I'm a 31 year old guy.

I'm currently living with my mother and sister.

I'm working a minimum wage job I don't really like or hate.

I don't have a car. Public transport is my main source of transportation.

My main goal in life is pursing and ultimately achieving a career in the arts (visual arts, writing etc)

I am far, far from where I want to be in my life suffice it to say and that has prevented me from pursing a relationship for what feels like an eternity. But these days I'm been wanting to bring a woman into my life. I'm tried of being alone honestly. But with the personal life roadblocks I mentioned in the beginning it makes me wonder if bringing a woman into my life is even worth it.

Should I pursue a relationship?

 

By 31 I was making an equivalent of $60 an hour. Career confidence translates into dating confidence. If you can't feel good about where you are at in life, then you will never feel good about asking someone to join you.

 

That's really what a relationship entails. You are asking someone to join in your life. If your life isn't going the way you want... women are going to see that and very few will want to join you in failure.

 

With that said, you can overcome this by enjoying and being happy about the life you are currently leading. Lots of women will respond to that. My cousin is a party animal who enjoys every minute. The guy is fun to be around. He sucks at working and has no career. However, he is handsome and has been able to find older women to support him the last 7 or 8 years.

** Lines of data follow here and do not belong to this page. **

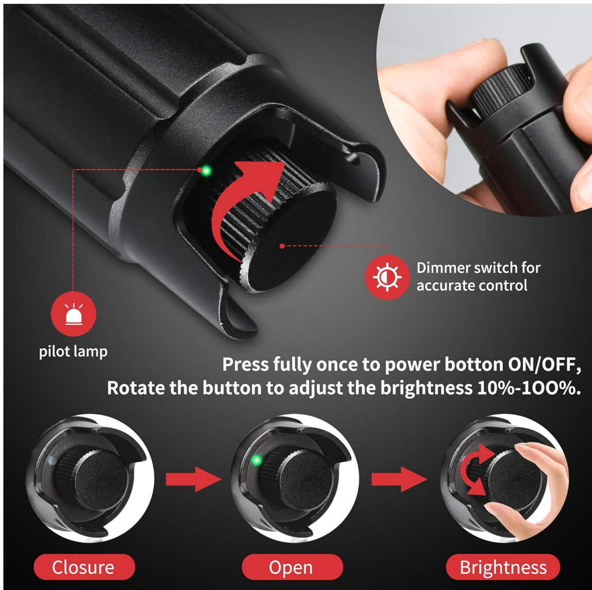
Image 3: Diagram illustrating the rotary dimmer switch for stepless brightness adjustment and the pilot lamp indicating battery status.
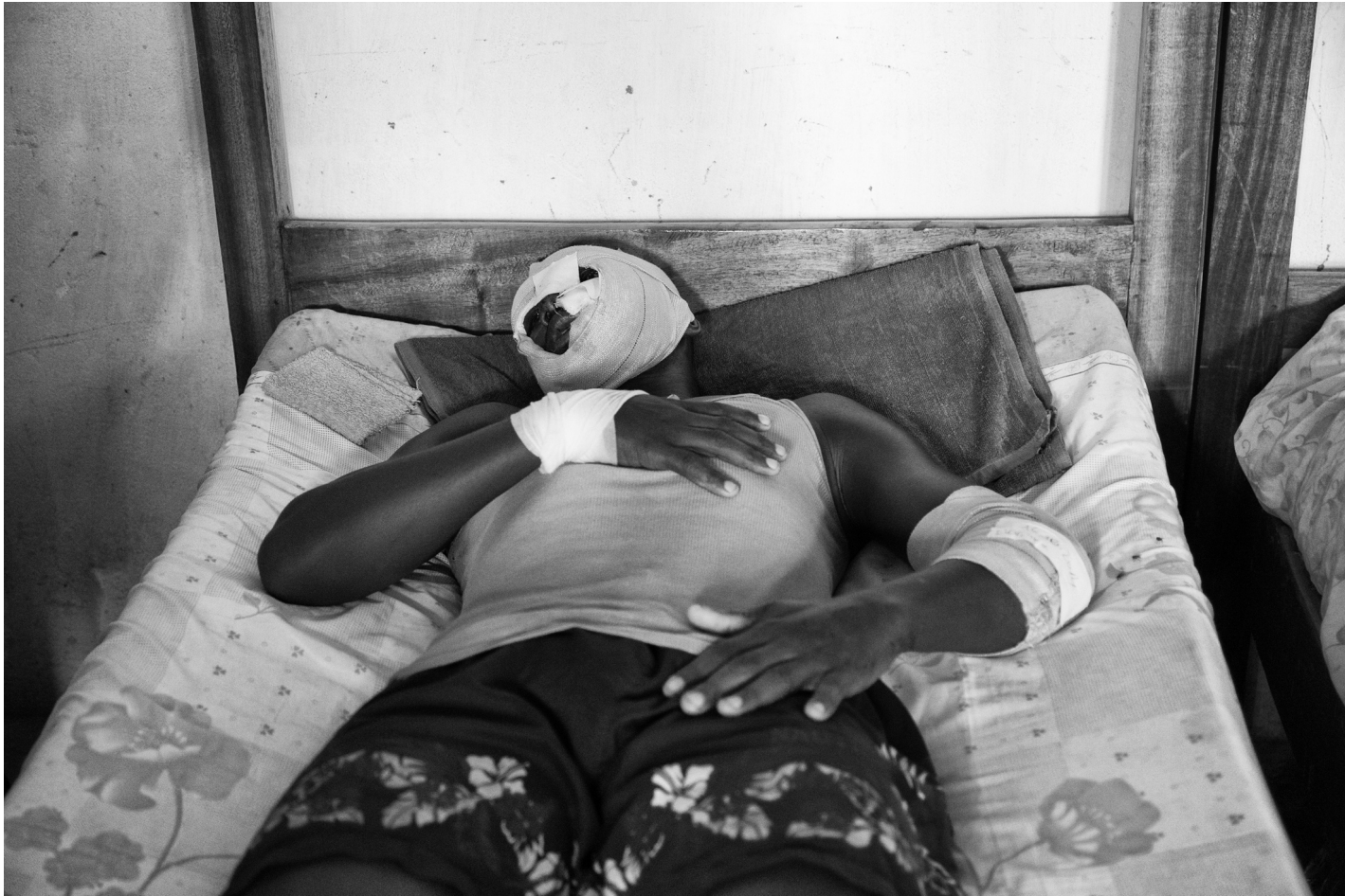
A MINUSCA's FPU policeman, was injured during the civil unrest of October 2014 in Bangui, Central African Republic.
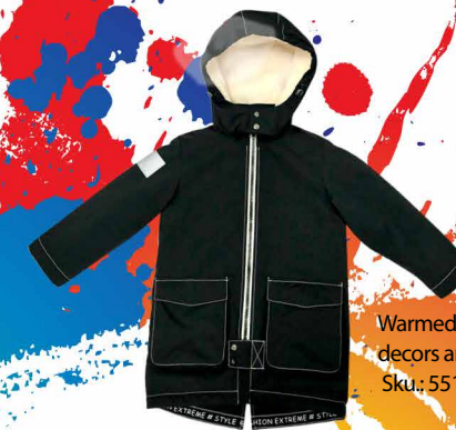
Warmed coat with LED decors and fur lining Sku.: 551.20
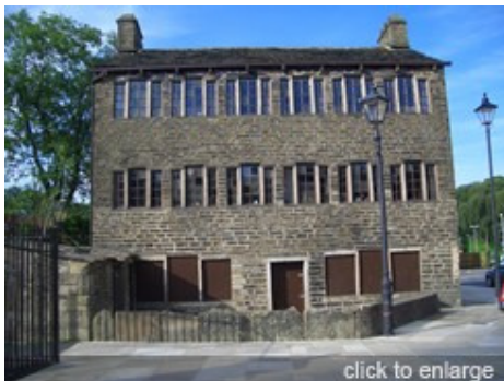
Weavers' Cottage, Rawtenstall c.1780, distinctive triple step windows
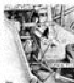
Charging Engine Transmission Oil Plug
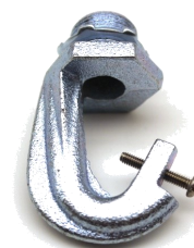
3/4 Hook 3/8"IP High Bay Hook W/ Set Screw
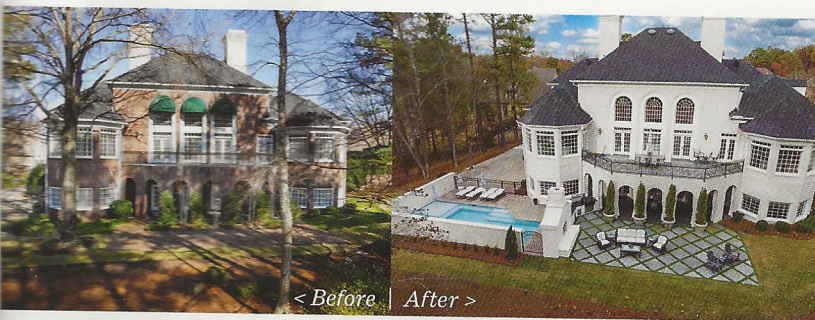
< Before | After >
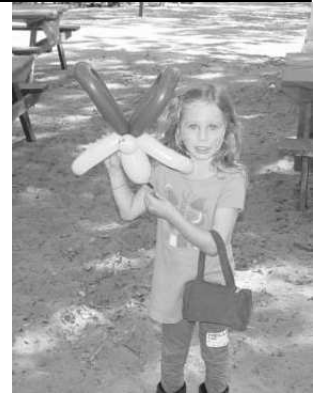
Getting some wind burn

Otherwise he would be living at home.

  • Like 4
  • Author
Posted

All very real words! Thank you!

  • Like 2
Posted

Best of luck :)

  • Like 1
Posted

There is someone for everybody. That being said, If I had a dime for every person who wanted to become a writer or an artist and actually make a successful living at it, I'd be broke.

 

 

You never know, though....

 

I'm 53 years old,a rap sheet as long as a Chicago Phone book, have bullet holes, knife wounds, and scars that look like a railroad map all over my body. Medals of a lifetime of hardscrabble existence

 

And I date pretty successfully, and usually women 20+ years my Junior.

 

I am successful at it because I am myself, warts, scars and all. I also know when to pack up the Circus and move out of town(i.e. date casually and ride it for all it's worth and bow out gracefully when some younger guy comes along) when it's time.

 

If you are yourself, however, there will be someone out there for you that will accept you for who you are. I am living proof of it. So give a relationship a try. There are plenty of unconventional, beautiful and exciting women out there. Especially the Redheads. They are many things, but boring is not one of them.

 

Plus some chicks really dig scars...

 

Good Luck.

  • Like 1
  • Author
Posted
If only professionals and financially secure people were allowed to be in relationships then only half of us would be in one, right!

 

That being said I think you need to revise your life's plan. It's cute at 21 to want to be an artist and live at mom's but not so cute at 31. You need to have a plan B and this plan B is to have a job that can allow you to live on your own and provide for all of your needs then you take your dream and make it something you want to acheive on the side.

 

I don't know if you've been to school? if not get yourself back to school and study something that will give you a job with a good pay. You don't need to look far, over here a trade job of 18 months will pay you $25+ per hour: Welder, electrician, plumber, painter, name it.

 

You are at a cross road here. It's really hard at 40 to make a life change. Do it now. After 35 you'll see no women want to date starving artists living under mom's roof.

 

 

This is a BIG reason why I HATE describing myself as an "artist" or aspiring artist. Unless your actually doing something professionally just another way of saying dreamer.

Posted

The reality is very few make it big as an artist in anything and usually make it big when they are dead. Most famous artists were poppers living on someones couch. I was an artist too many years ago, even had the education for it. I ended up doing something totally different that actually paid the bills. It's a struggle for sure.